何かを思い出しているかのように視線が動いていた。




「でも、あなたの一番そばにいて、あなたの気持ちをよく分かってくれる人だっているじゃない?」



イフは顔を上げて笑う。



「……………いない。そんなヤツ。私の気持ちを分かってくれるヤツなんか………。」




「…………。」



イフは静かに神楽を見つめる。



それから、窓の外に見える満月に目をやった。





イフの目に映った月は白い光を放って輝いている。





「大切なものはいつも傍にある。だけど近すぎて、その大切さを忘れてしまう。思い出そうとしても思い出せなくなる。一度、忘れた大切なものは失う直前に気付く。

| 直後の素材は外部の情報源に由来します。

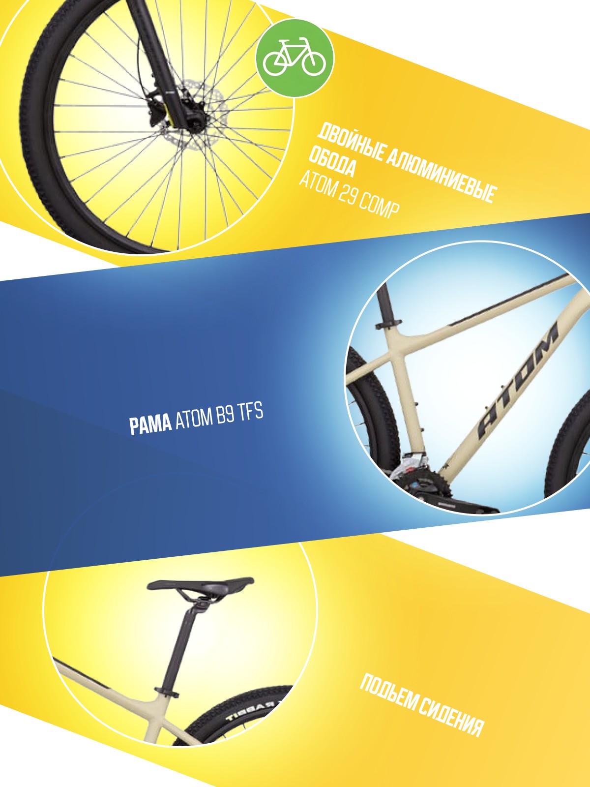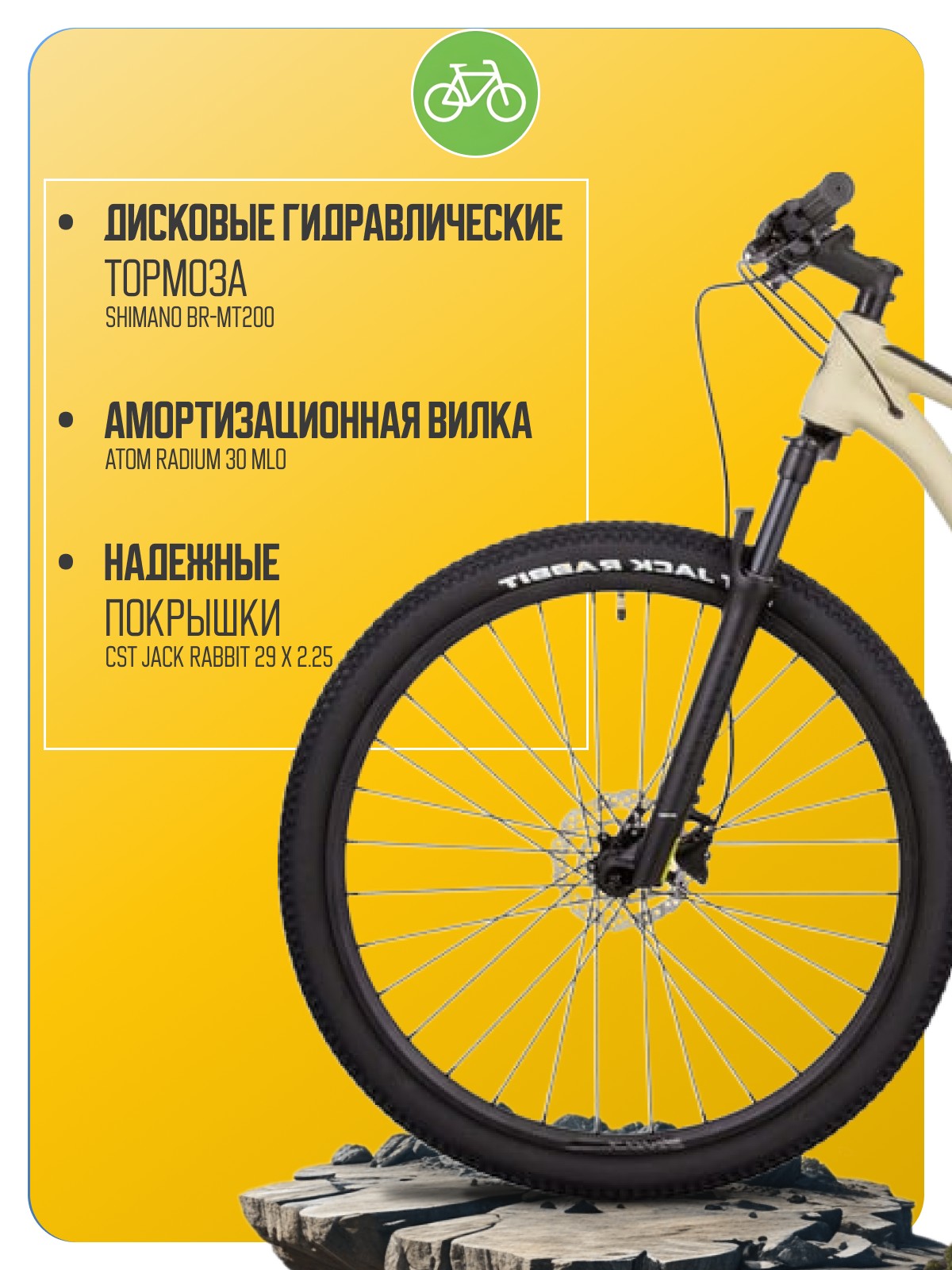 Горный велосипед оборудованием предпрофессионального класса Shimano, 16 скоростей. Технические особенности: алюминиевая рама ATOM B9 TFS (тройной баттинг, внутренняя проводка), амортизационная вилка ATOM RADIUM 30 MLO (ход 100 мм), двойные алюминиевые обода ATOM 29 Comp, дисковые гидравлические тормоза Shimano BR-MT200. Подходит для активного катания в стиле трейл и кросс-кантри. Диаметр колес - 29 дюймов. Вес - 14.2 кг.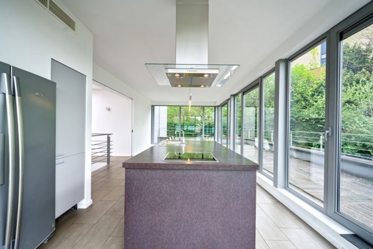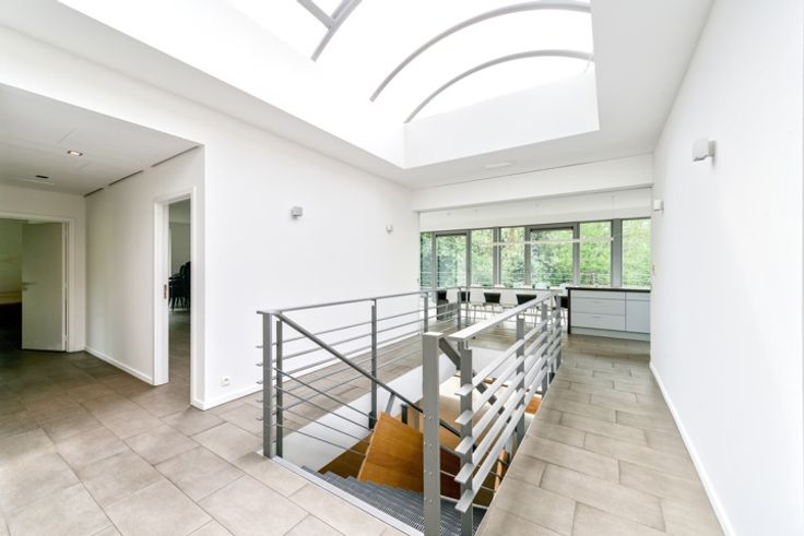 In een zeer aangename omgeving van de gemeente Ukkel, biedt dit uitzonderlijke gebouw uit 2009 met granieten gevels een unieke kans om er een sublieme villa van te maken, mits het verkrijgen van een vergunning voor bestemmingswijziging. Met een bebost perceel van 20,55 are biedt dit gebouw talloze mogelijkheden voor het creëren van een uitzonderlijke woning. Het gebouw, dat in perfecte staat verkeert, heeft een totale bruto vloeroppervlakte van ongeveer 915 m² verdeeld over drie verdiepingen. De grote, modulaire vloeren maken een breed scala aan configuraties mogelijk om aan je behoeften te voldoen. De beveiligde inpandige garage biedt plaats aan maximaal 6 auto's. Er is ook de mogelijkheid om een conciërgedienst te installeren, wat een extra vleugje luxe toevoegt aan dit unieke pand. Het gebouw heeft een EPB C+ certificaat en heeft 2,80 m hoge plafonds. Het is al volledig uitgerust met airconditioning, vloerverwarming, dubbele beglazing, uitstekende akoestische isolatie, netwerk- en internetbekabeling en een alarmsysteem. Met zijn uitzonderlijke kenmerken en grote perceel biedt dit gebouw een zeldzame kans om het te verbouwen tot een luxe, moderne villa in een groene omgeving. Dit pand is ideaal gelegen in Ukkel, op slechts een paar minuten lopen van het station van Stalle en het openbaar vervoer, en op slechts 5 minuten rijden van de Brusselse RO-ring, en ligt dus zowel dicht bij de voorzieningen als perfect aangesloten op de belangrijkste transportroutes.

遅ければ失ってから気付く。」




イフは歌うように呟いた。



大切なもの。





忘れてはいけない。






大切なもの。






「…大切な…もの………。」



神楽は無意識に口ずさんでいた。



「決断ができたら、いつでも私を呼んで。願いは叶えてあげてもいいけど一つだけ忠告しておくよ。」



白い少女は真剣な眼差しで神楽を見た。






『大切なものはちゃんと心に止めておいて。』







また、深い夜に月が浮かぶ。






「で?そのあんたがなんで、またここに来たの?私は呼んだ覚えはないけど?」



神楽は刃物をもった手を震わせながら後ろを目だけで見た。



白い少女は微笑して頬を赤らめる。




「いやぁ、もう決断したかなあ?って思ってね。」




少女はへらへらと笑っている。




自分の兄のようだ。




いつも頼りなく笑って、




大嫌いな兄。





「あっそ………。それで兄は殺してくれるの?」




神楽は話を戻して少女に問う。




「だから自分で殺せばいいでしょ?」



イフは表情をかえて小さく言う。



「……な、何で私が殺さなきゃいけないの……っ!?あんたは悪魔だろ!?なら、人の願いをただ叶えればいいじゃん!?」



神楽は息をきらして叫んだ。



肩を上下し、顔に手を当てる。



「…………―――――っ!」



ふと、視線を前にやると、イフの瞳から雫が一滴落ちた。



「何、泣いてんの?泣きたいのはこっちだよ。願いを叶えてもらえないで、しかも、兄を自分で殺せとか、意味分かんないし。」



イフは小さく鼻をすすって、微笑する。



「ごめんなさい。そうよね。分かったわ、願いを叶えてあげる。」



「じゃ、さっさと消えろ。」



神楽は冷たくはき捨てて、背を向ける。




数秒たって後ろを振り向くとそこには誰もいなく、いつもの殺風景な部屋だった。







『…………大切なもの…あなたは失ってから気付くのね………。』




それを言い残して白い少女は消えた。